Some SNVs in the publicly released whole exome sequence (WES) QCed “consensus-called” data (which systematically integrated genotype calls from two pipelines: Atlas at Baylor College of Medicine and GATK at the Broad Institute) may have biased genotype calls resulting from sequence data generated/processed at the Broad Institute. This issue was identified by follow-up on likely “false-positive” genetic associations with genome-wide statistical significance in case-control analysis. It is not yet clear if this issue also affects WGS data.
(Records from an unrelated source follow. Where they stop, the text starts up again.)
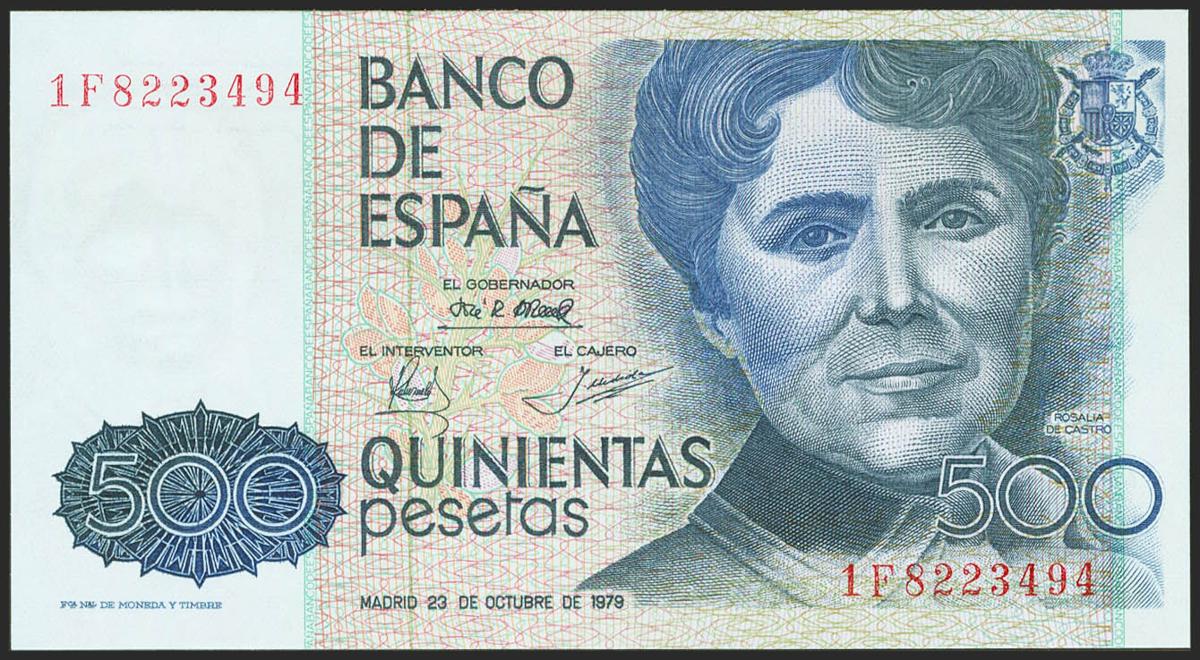 500 Pesetas. 23 de Octubre de 1979. Serie 1F. (Edifil 2021: 476a). SC.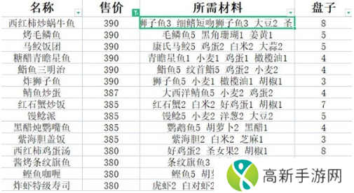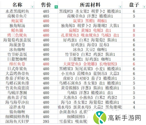 潜水员戴夫高售价料理食谱有哪些?在游戏中,料理食谱也是相当重要的,很多的玩家对于食材的选不是特别的清楚,那么下面,小编就为各位带来潜水员戴夫高售价料理食谱大全,一起来看看吧。
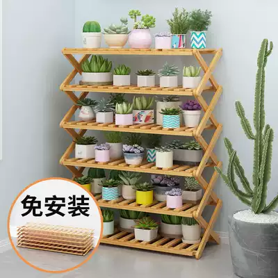 Balcony flower shelf shelf multi-layer solid wood flowerpot simple living room interior decoration multi-meat Gold Ge flower shelf special offer
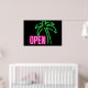 Texto "abierto" de color rosa neón con silueta de palmera tropical verde neón sobre fondo negro hace de esto un gran diseño para tiendas y negocios personales y una variedad de tiendas minoristas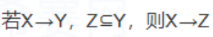 (2)分解规则:若X→Y在R上成立,且ZY,则X→Z在R上成立。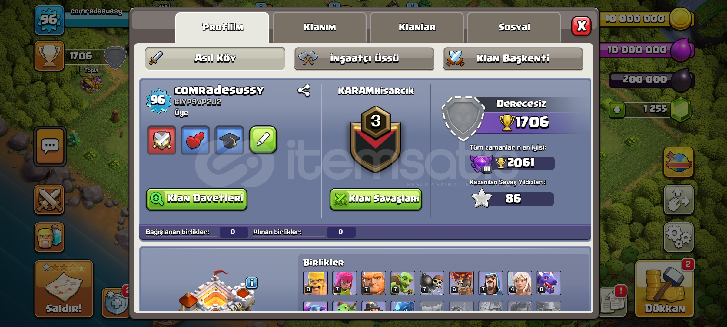 💥 Clash of Clans Hesabım Satılıktır 💥Seviye: 96Belediye binası: 10Altın: 10.000.000İksir: 10.000.000Karanlık iksir: 200.000Yeşil taş: 1255Ordu ve savunma binaları gelişmiş, duvarlar yüksek seviyedeAktif klanlı, savaş ve ganimet için uygunHesap güvenlidir, mail ile birlikte verilecektir.🎮 Oyuna vakit ayıramadığım için satıyorum.💰 Sadece sat...

Detailed information can be found here.

 


 

October 28, 2016- dbGaP News phs000572.v7.p4 ADSP Data Use

This notice describes a new issue with the whole-exome (WES) and whole-genome sequence (WGS) concordant and consensus genotype files released to Authorized Access Users.
It was recently discovered that heterogeneity in pre-variant-calling BAM processing has resulted in systematic biases in the GATK WES variant calls, and thus in the released WES concordant and consensus genotype files. 
ADSP WES data were independently and uniformly reprocessed as part of the Atlas variant pipeline, so the Atlas WES variant calls do not manifest this bias. We are currently examining the impact of this heterogeneity on the WGS data, but expect that these biases will need to be addressed in all WGS variant sets. 
Any analyses performed on ADSP BAM files downloaded from dbGaP may manifest these biases unless the data were reprocessed from a pre-mapped state (i.e., FASTQs). 
The ADSP will release an updated data set for both WGS and WES in the December 2016 dbGAP release which may consist of HGSC Atlas-only called variants or the current data sets with additional filters applied.
Researchers using the current data set are reminded that there are many possible sources of heterogeneity in any dataset/analysis that may generate false positive results and that findings should be verified by looking closely at primary data and via replication.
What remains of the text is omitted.